Dining Table Date Night – Ox Cheek Tagliatelle with Simon Wood

Dining Table Date Night – Ox Cheek Tagliatelle with Simon Wood

SIMON WOOD COOKS Ox Cheek Tagliatelle
| SIMON WOOD OF WOOD MANCHESTER AND WoodKraft Cheltenham. IMAGES © BROOD MAGAZINE

“POUR YOURSELF A GLASS OF SOMETHING YOU ENJOY, POP ON YOUR FAVOURITE MUSIC TO UNWIND TO AND START TO COOK…”

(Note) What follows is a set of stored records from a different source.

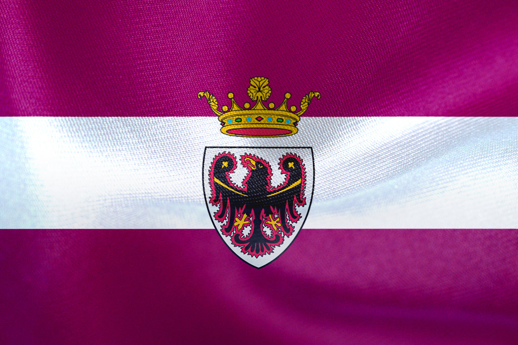 Bandiera della Provincia Autonoma di Trento disponibile in diversi tessuti e finiture, idonea per esterno. Cuciture doppie, fettuccia di rinforzo lato asta dove prevista, misure standard o personalizzate su richiesta.
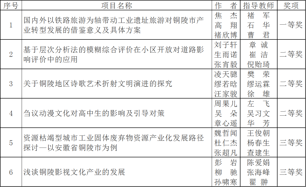 10月10日,由铜陵市科协、教育局联合举办的“第十七届铜陵市青少年科学论坛”在铜陵市科协举行。全市共有12个项目参加角逐,其中奖项设置为一等奖两名,二等奖四名,三等奖六名。我校政教处报送的六个项目中有一个项目获一等奖(即将代表铜陵市参加省赛);三个项目获二等奖;另两个项目获三等奖,充分展示了我校学生可贵的创新意识、实践能力和良好的精神风貌、高效的竞技水平和最强的综合实力。
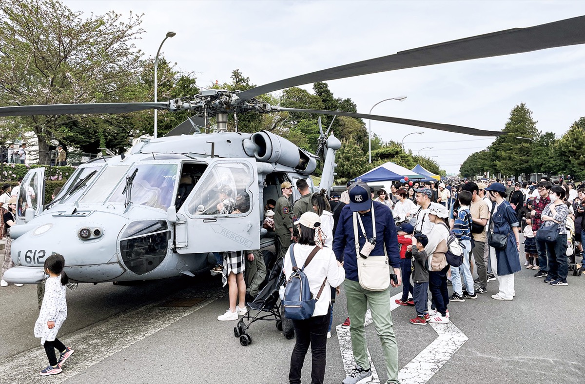 会場内には飲食ブースが軒を連ね、バンド演奏などもお祭り気分を盛り上げた。ヘリコプターや戦闘機の展示もあり、来場者は興味津々の様子で機内を眺めていた。パイロットたちと記念撮影する子どもたちの姿も多く見られ、訪れた人たちは自衛隊や米海軍関係者との交流を楽しんだ。
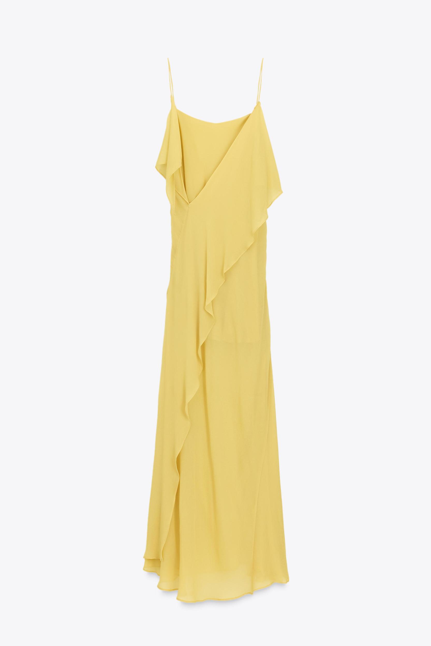 Long dress made of 100% viscose yarn. V-neck and thin straps. Pleated detail. Inner lining. Open back with asymmetric neckline. Hem with side slit. Small bag in the same fabric with buttons.
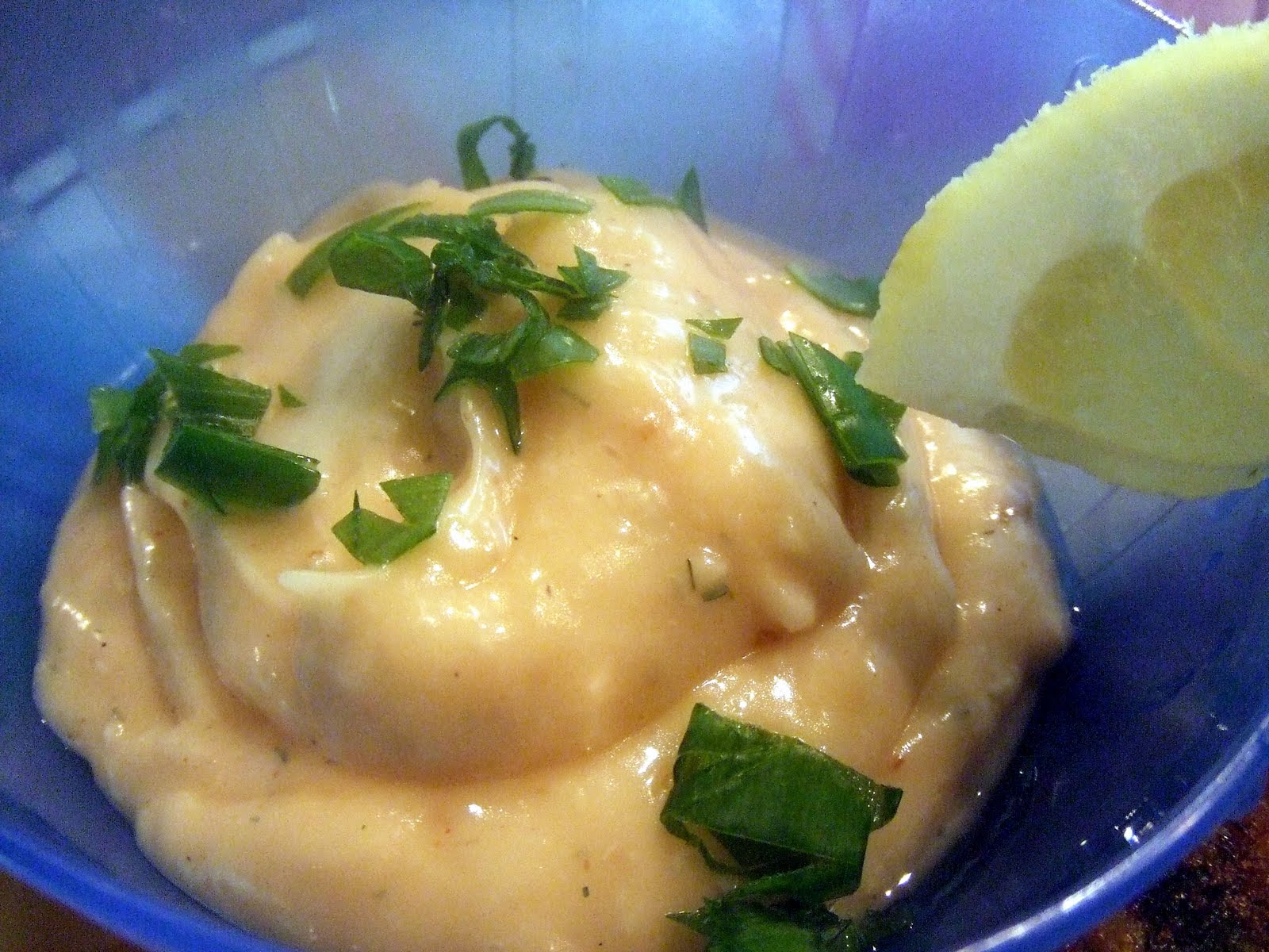 Mix all ingredients in a bowl. Taste to make sure it is to your desired level of spice. Refrigerate until ready to use. Garnish with scallion greens and lemon slices.

Welcome back to Brood food, Last time around I spoke about food and families which are two topics in which everyone claims some expertise, and rightly so. Families are made up of people who eat food. Both families and food contribute to a person’s physical and social well-being throughout life and are the foundation of many memories, both good and sometime not.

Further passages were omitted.